Dharampur is a small and beautiful town situated east of Valsad. It is situated on the banks of the Swargavahini River and is surrounded by the Sahyadri or Western Ghats range on the east, west, and south. It receives the highest rainfall in Gujrat state.
In 1900, Shrimad Rajchandra had consecrated the soil of Dharampur for about 35 days (from Chaitra Sud Ekam to Vaishakh Sud Pancham, V.S. 1956).
Dharampura Tirth has been constructed under the guidance and inspiration of Pujya Gurudeva Rakeshji taking into consideration the minutest details of temple architecture following the Nagara style as opposed to the Dravidian style which is prevalent in Southern India.

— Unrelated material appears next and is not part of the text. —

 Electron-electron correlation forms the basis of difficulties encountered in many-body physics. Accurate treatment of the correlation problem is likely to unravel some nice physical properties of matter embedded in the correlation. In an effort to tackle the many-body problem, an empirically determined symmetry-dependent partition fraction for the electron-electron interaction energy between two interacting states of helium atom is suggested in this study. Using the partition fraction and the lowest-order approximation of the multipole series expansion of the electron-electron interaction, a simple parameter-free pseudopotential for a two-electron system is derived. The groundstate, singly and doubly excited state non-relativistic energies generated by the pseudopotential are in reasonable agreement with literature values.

The main idol is 55-inch tall murti of Lord Mahaveer. There are also murtis of Bhagwān Ādināth, Bhagwān Shāntināth, Bhagwān Nemināth, Bhagwān Pārsvanāth, current tirthankar Bhagwān Simmandharswāmi and future first Tirthankar Bhagwān Padmanābh (soul of King Shrenika).

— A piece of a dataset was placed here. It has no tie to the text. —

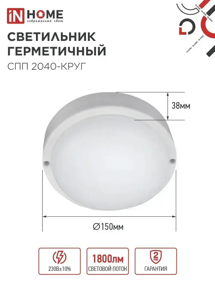 Светильник светодиодный герметичный СПП 2040-КРУГ 20Вт 4000К 1800Лм IP65 155мм IN HOME

The temple was consecrated by Pujya Āchārya Shree Rājhanssuriswarji Māhārāj during the Pratistha Mahotsav between 23 Dec 2021 – 1 January 2022.
Salient features of the temple are:
- Copper has been used instead steel during the foundation to maintain harmony with the Earth’s magnetic field
- White Makrana marble used for the construction
- Intricately carved 108 pillars depicting various aspects of the Jain philosophy
- Domes and ceilings are the epitome of the architectural marvel with exquisite carvings and designs.
- The shikhar (शिखर means spire / tower / top / peak) of the temple is 108 feet high
- Majestic 35 foot tall Kirtistambh signifying the Lord’s glory in all directions (Kīrti (कीर्ती means fame / glory and Stambha (स्तम्भ) refers to pillar).